To the National Education Goals Panel (NEGP), ensuring that children start school ready to learn was vitally important, but ensuring that schools are ready for children was equally important. To that end, the NEGP established the Ready Schools Resource Group, led by Sharon Lynn Kagan of Columbia University and Asa Hilliard of Georgia State University.

The Resource Group’s 1998 report reflected the NEGP’s concerns and interests: “While other efforts are now under way to determine how we can better prepare young children to enter our schools, this report asks: How can we prepare schools to receive our children? How can we make sure that schools are ready for the children and families who are counting on them?”
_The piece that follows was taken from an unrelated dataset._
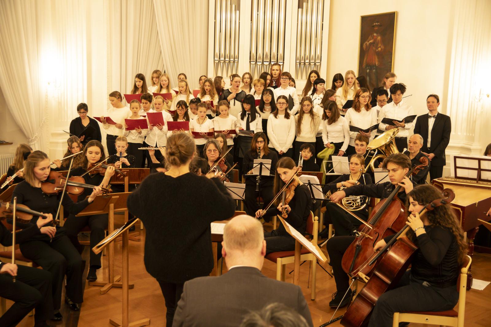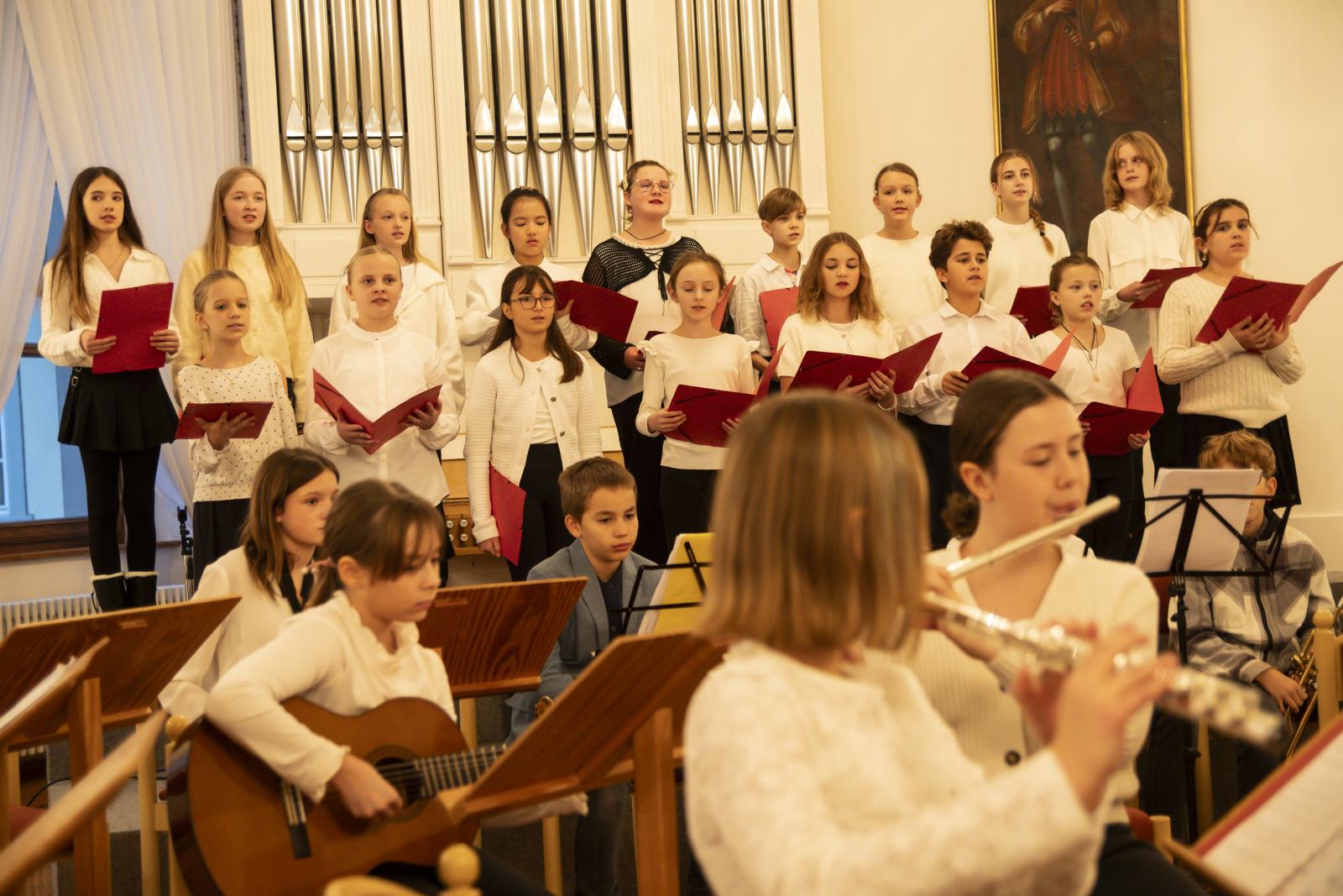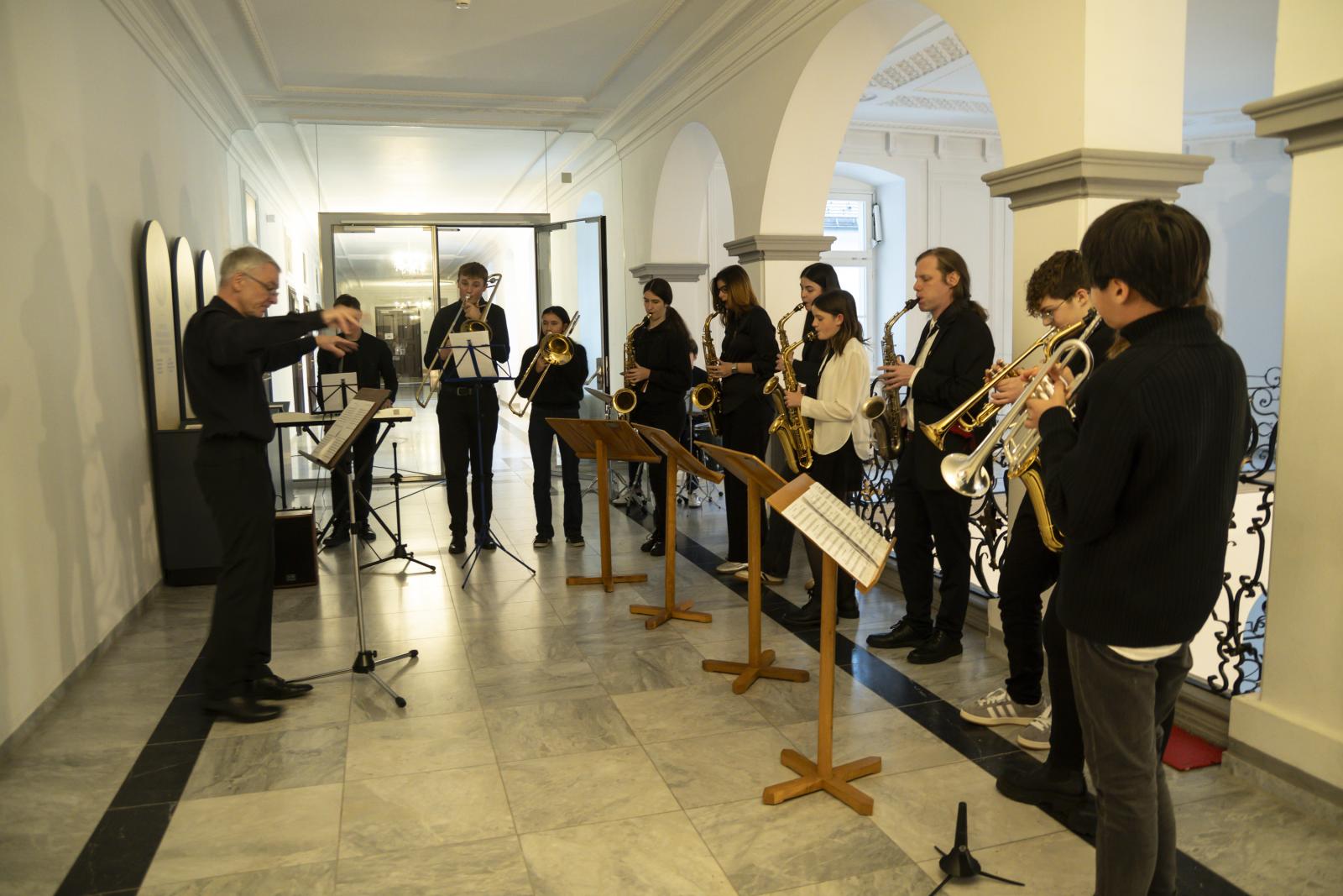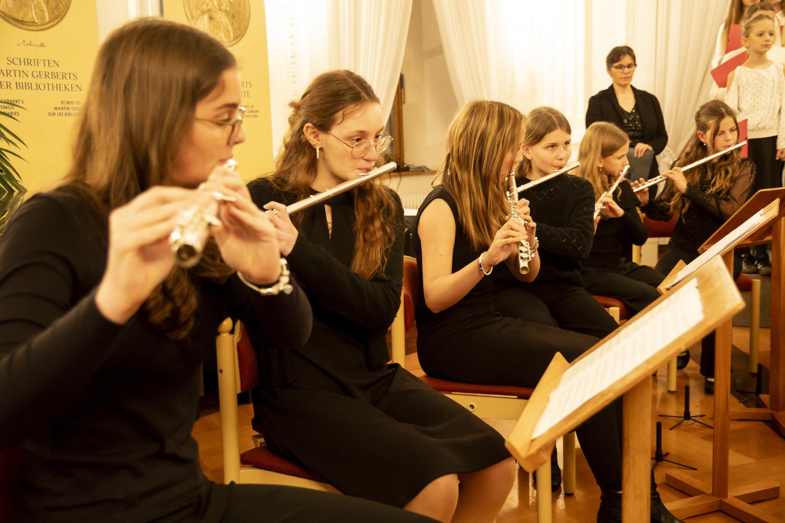 Am zweiten Adventswochenende erfüllte vorweihnachtliche Musik den Festsaal des Kollegs: Die traditionellen Adventskonzerte der Ensembles boten am Samstagabend und Sonntagnachmittag ein abwechslungsreiches Programm, das eindrucksvoll die Vielfalt der Musikkultur am Kolleg präsentierte. Unter der Leitung von Olaf Nießing (Orchester-AG), Maria Backhaus (Chor-AG), Florian Auls (Kollegs-Chor) und Viola Grömminger (Kollegs-Orchester) präsentierten Kollegianerinnen und Kollegianer ein musikalisches Konzertereignis aus geistlicher, klassischer, traditioneller und populärer Musik. Zum Konzertbeginn sorgten Bläser der Big Band (unter der Leitung von Klaus Weißenbach) für eine klangvolle Einstimmung im Foyer des Festsaals. Die Orchester-AG eröffnete das Programm mit der Kollegshymne „Ad majorem Dei gloriam“ und „Engel auf den Feldern“, bevor gemeinsam mit der Chor-AG erklang. Die Chor-AG präsentierte, von zwei Schülerinnen moderiert und immer wieder solistisch agierenden Sängerinnen und Sängern, zudem bekannte Werke wie „Maria durch ein Dornwald ging“. Der Kollegs-Chor spannte den Bogen von internationalen Weihnachtsliedern über traditionelle Carols bis hin zu Sting und modernen Klassikern. Darüber hinaus lag ein besonderer Akzent auf dem Zusammenspiel mit dem Kollegs-Orchester: Gemeinsam mit Unterstufenchor und Kollegschor erklang eine Auswahl aus der 2. Kantate - der Hirtenkantate - aus Bachs Weihnachtsoratorium, wobei Minqian Fang und Larissa Bienger die continuobegleiteten Rezitative (Maren Perkins und Taisia Böttcher) beisteuerten. Zum Abschluss sorgte das Orchester gemeinsam mit den Blechbläsern und Schlagwerkern der Big-Band für ein mitreißendes Medley aus dem Film The Polar Express und ein schwungvolles Ende des Konzerts. Der Ausklang gestaltete sich traditionsgemäß mit „Tochter Zion“ samt singendem Publikum und allen Mitwirkenden und Orgel.

The report identified 10 keys to ready schools:

  1. Ready schools smooth the transition between home and school.
  2. Ready schools strive for continuity between early care and education programs and elementary schools.
  3. Ready schools help children learn and make sense of the complex and exciting world.
  4. Ready schools are committed to the success of every child.
  5. Ready schools are committed to the success of every teacher and every adult who interacts with children during the school day.
  6. Ready schools introduce or expand various approaches that have been shown to raise achievement.
  7. Ready schools are learning organizations that alter practices and programs if they do not benefit children.
  8. Ready schools serve children in communities.
  9. Ready schools take responsibility for results.
  10. Ready schools have strong leadership.

Since the publication of the Ready School report, state educational departments have begun to emphasize ready schools as part of their increasing focus on early childhood and school readiness.

The aim of the High/Scope Ready School Assessment is to help schools improve their readiness for all their entering children. With the support of the W. K. Kellogg Foundation, High/Scope is working with early childhood community leaders, early childhood educators, and elementary education experts to develop, validate, and disseminate the Ready School Assessment tool.